DIRECTIONS FOR THIS TASK: Leave out every picture and set down, exactly, the lines below from the one holding "Capture sharp 4" up to and including the one holding "Vous pouvez également".

DATA SECTION section start

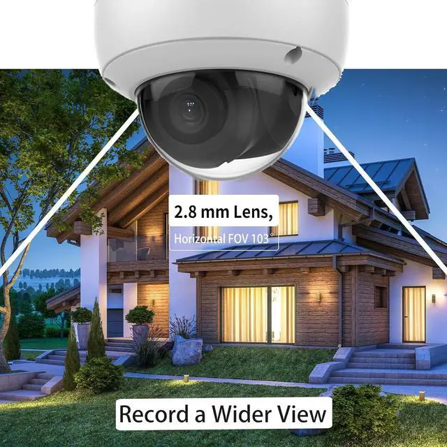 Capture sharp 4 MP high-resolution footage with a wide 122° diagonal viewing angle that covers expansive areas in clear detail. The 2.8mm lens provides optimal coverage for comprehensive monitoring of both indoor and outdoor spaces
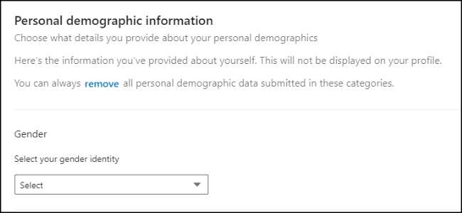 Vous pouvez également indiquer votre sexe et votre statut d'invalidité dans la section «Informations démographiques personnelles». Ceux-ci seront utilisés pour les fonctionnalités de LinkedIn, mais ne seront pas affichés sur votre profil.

DATA SECTION section end
DATA SECTION section start

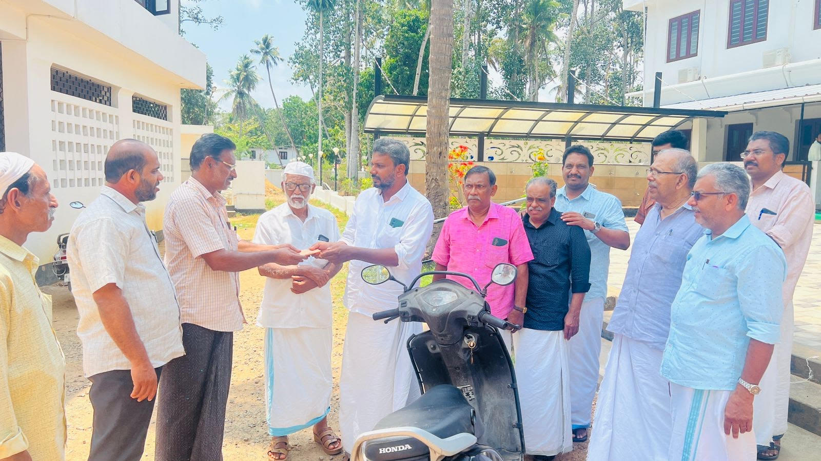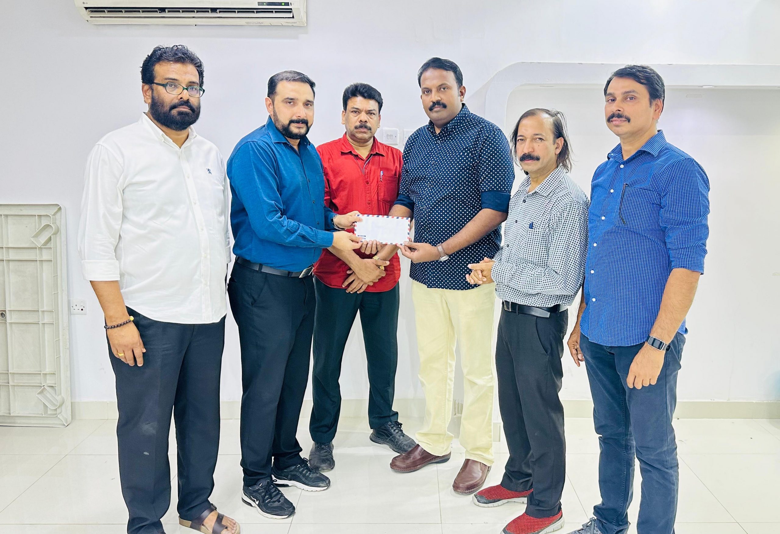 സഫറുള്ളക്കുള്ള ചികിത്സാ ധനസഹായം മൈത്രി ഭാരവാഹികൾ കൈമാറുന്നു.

DATA SECTION section end
DATA SECTION section start

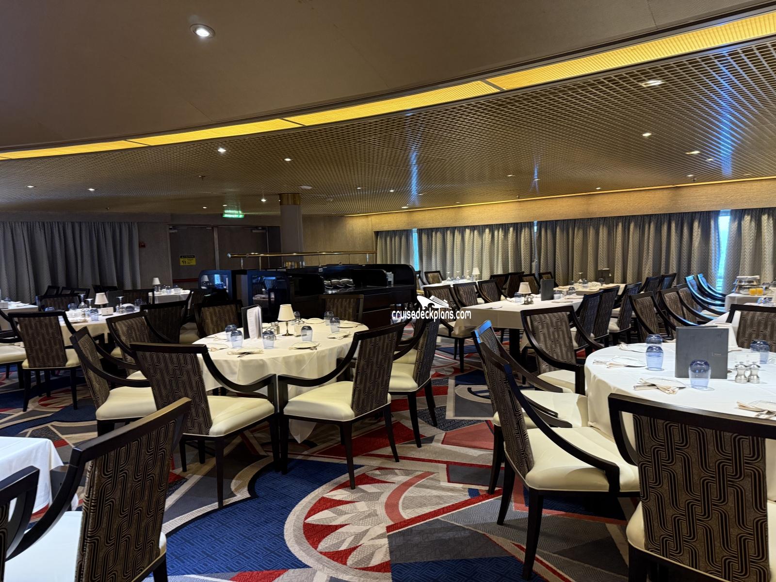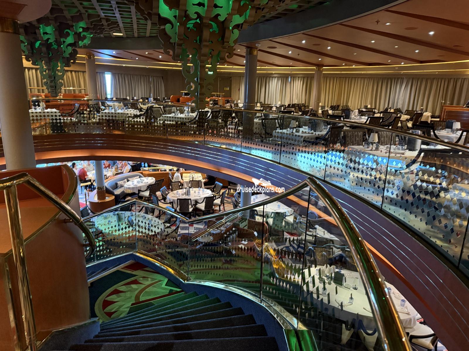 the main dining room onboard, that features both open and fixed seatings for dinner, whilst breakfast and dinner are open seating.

DATA SECTION section end

EXERCISE RESPONSE:
 Capture sharp 4 MP high-resolution footage with a wide 122° diagonal viewing angle that covers expansive areas in clear detail. The 2.8mm lens provides optimal coverage for comprehensive monitoring of both indoor and outdoor spaces
 Vous pouvez également indiquer votre sexe et votre statut d'invalidité dans la section «Informations démographiques personnelles». Ceux-ci seront utilisés pour les fonctionnalités de LinkedIn, mais ne seront pas affichés sur votre profil.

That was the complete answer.